The Court notes that, in their opposition, Defendants argue summary judgment should be granted in their favor, and thus Plaintiff's Complaint should be dismissed, as they argue Plaintiff has failed to establish a claim for breach of contract or unjust enrichment. See generally ECF No. 112. To the extent these arguments constitute a cross-motion for summary judgment, they are procedurally deficient because they are raised in an opposition brief only and are not accompanied by a statement of material fact in violation of local civil rule 56.1(a). See Pastavalava v. Wolf, No. 12-cv-9211, 2020 WL 6883433, at *3 (D.N.J. Nov. 24, 2020); see also Woodland v. Viacom, Inc., 569 F.Supp.2d 83, 85 n.2 (D.D.C. 2008) (“An opposition brief is not the proper vehicle by which to request judgment as a matter of law.”).
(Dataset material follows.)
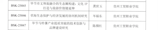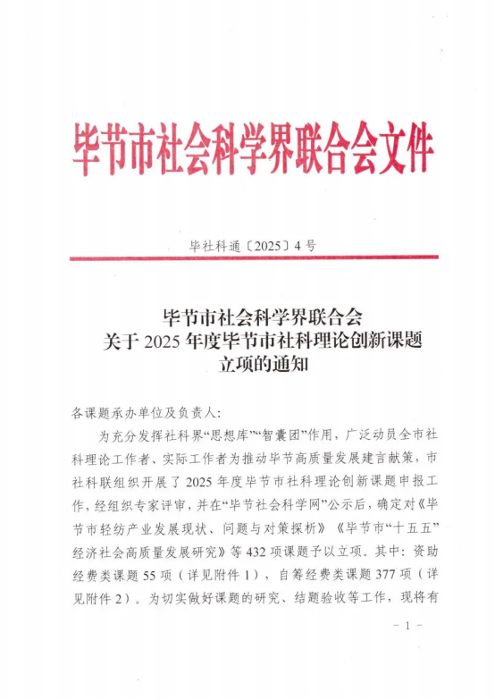 毕节市社科联组织开展2025年度毕节市社科理论创新课题申报工作,经专家评审和市社科联党组会研究决定,立项课题432项(其中:资助经费类课题55项,自筹经费类课题377项)。beat365官方网站获得24项,其中获资助类3项,自筹类21项。我校在毕节市高职院校中获立项数排第一!
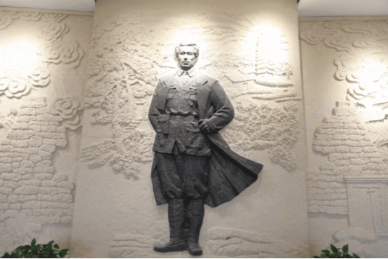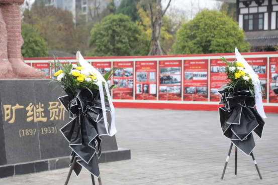 校領(lǐng)導(dǎo)緩步上前,向曠繼勛烈士塑像敬獻(xiàn)花籃。

In any event, setting aside any procedural defect, Defendants' arguments still must fail. Here, Defendants move to dismiss claims that rely upon the validity of the franchise agreement. See ECF No. 112 8-17. However, as noted above, a genuine issue of material fact exists as to whether the contract between the parties is voidable, and thus, insofar as Defendants have asserted summary judgment claims, they are denied.
V. CONCLUSION
For the reasons stated above, the Court denies Plaintiff's motion for summary judgment. ECF No. 99. An appropriate Order accompanies this Opinion.